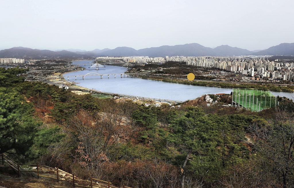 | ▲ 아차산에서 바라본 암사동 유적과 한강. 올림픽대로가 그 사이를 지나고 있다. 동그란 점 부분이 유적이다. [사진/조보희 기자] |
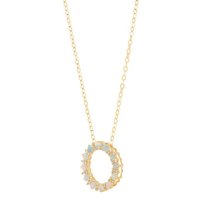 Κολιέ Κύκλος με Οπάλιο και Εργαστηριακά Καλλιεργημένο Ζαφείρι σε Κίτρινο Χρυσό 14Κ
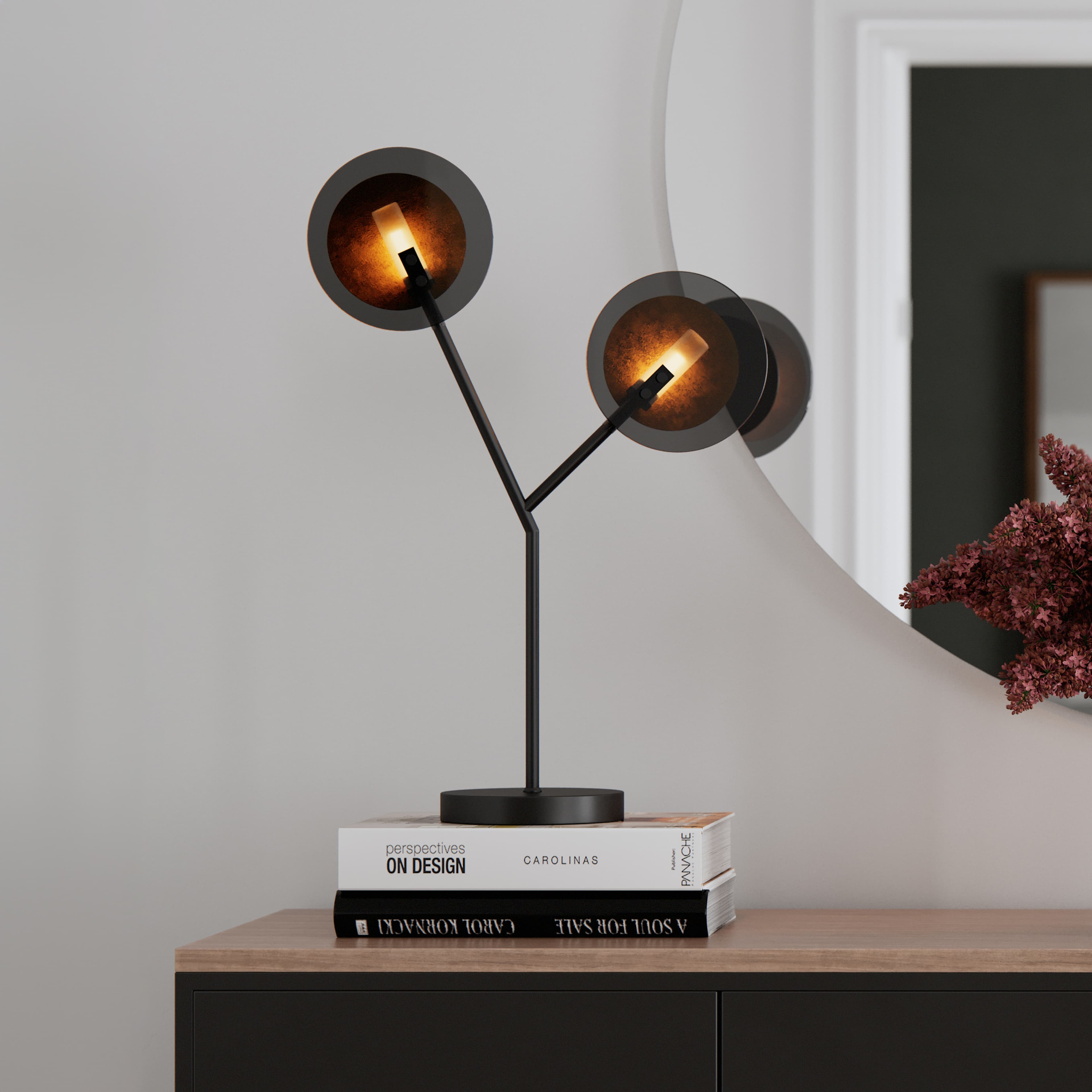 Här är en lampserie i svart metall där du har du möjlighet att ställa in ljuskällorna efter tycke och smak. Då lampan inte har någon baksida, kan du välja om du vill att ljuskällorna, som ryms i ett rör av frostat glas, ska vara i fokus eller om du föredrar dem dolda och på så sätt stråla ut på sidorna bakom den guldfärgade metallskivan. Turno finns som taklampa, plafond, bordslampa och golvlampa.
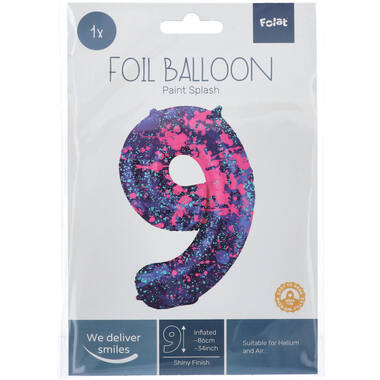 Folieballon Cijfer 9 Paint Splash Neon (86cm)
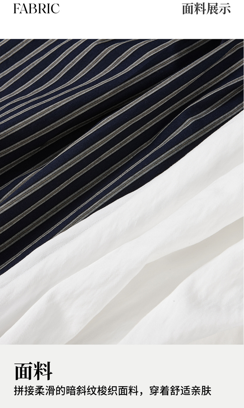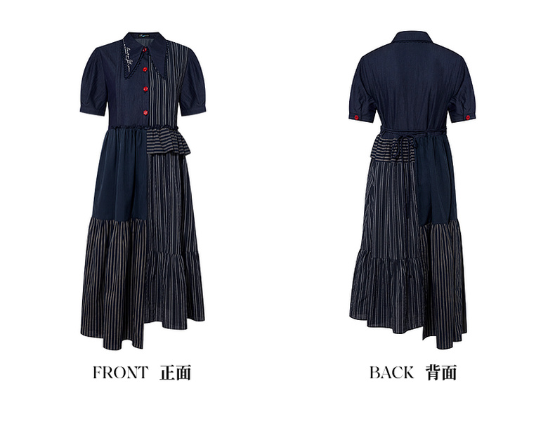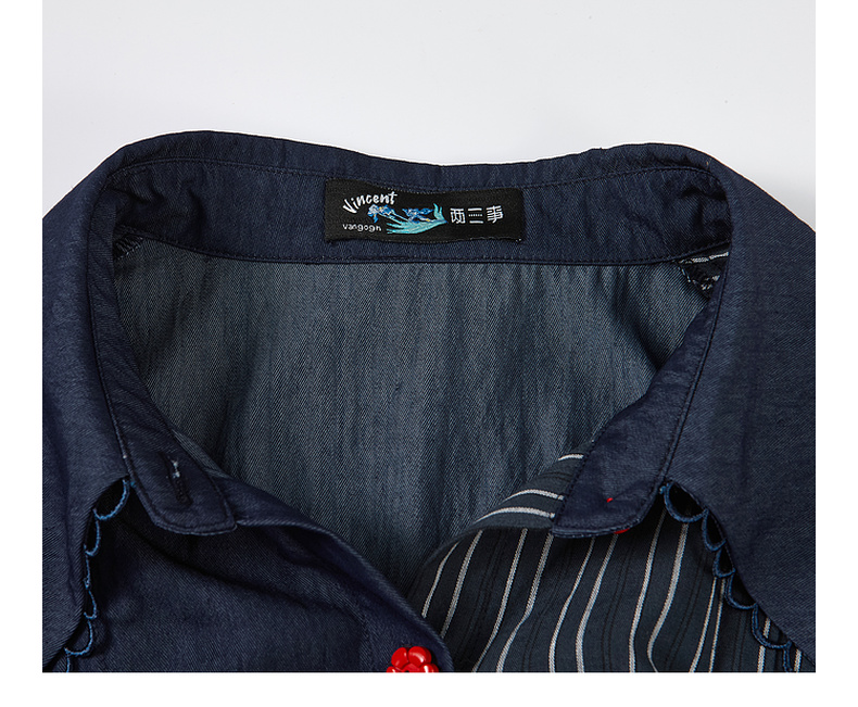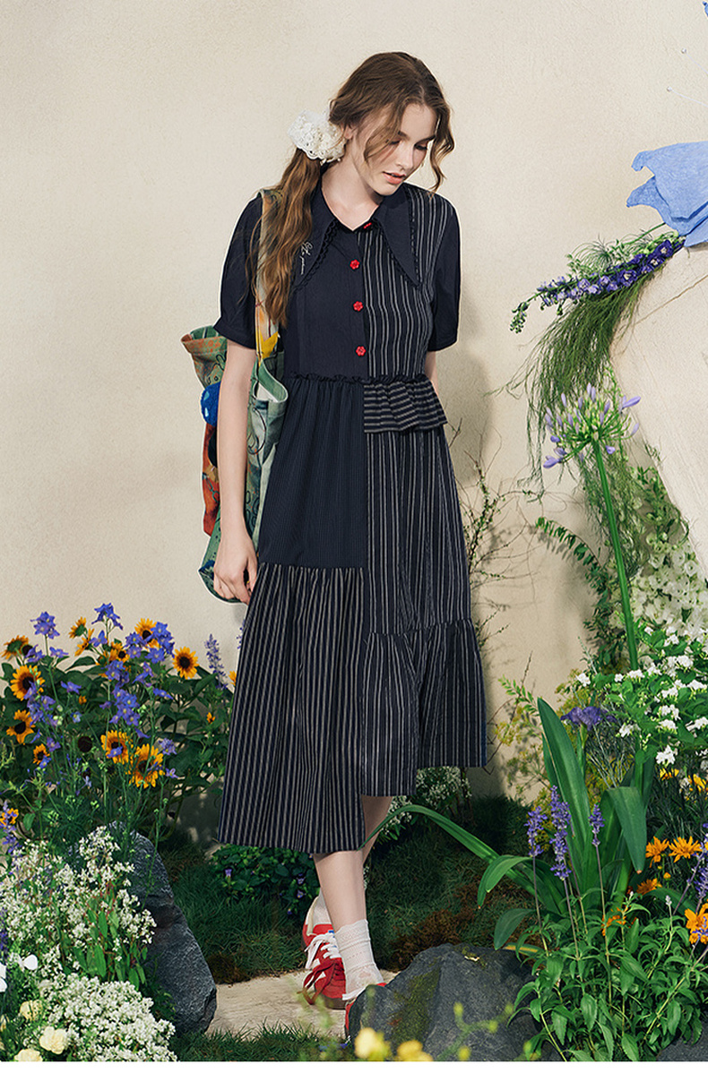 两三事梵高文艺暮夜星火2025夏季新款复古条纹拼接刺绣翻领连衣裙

▶ _INSTRUCTIONS FOR THE TASK_
Leaving out all pictures, transcribe the listing exactly.

▶ _OUTPUT OF THE TASK_
 | ▲ 아차산에서 바라본 암사동 유적과 한강. 올림픽대로가 그 사이를 지나고 있다. 동그란 점 부분이 유적이다. [사진/조보희 기자] |
 Κολιέ Κύκλος με Οπάλιο και Εργαστηριακά Καλλιεργημένο Ζαφείρι σε Κίτρινο Χρυσό 14Κ
 Här är en lampserie i svart metall där du har du möjlighet att ställa in ljuskällorna efter tycke och smak. Då lampan inte har någon baksida, kan du välja om du vill att ljuskällorna, som ryms i ett rör av frostat glas, ska vara i fokus eller om du föredrar dem dolda och på så sätt stråla ut på sidorna bakom den guldfärgade metallskivan. Turno finns som taklampa, plafond, bordslampa och golvlampa.
 Folieballon Cijfer 9 Paint Splash Neon (86cm)
 两三事梵高文艺暮夜星火2025夏季新款复古条纹拼接刺绣翻领连衣裙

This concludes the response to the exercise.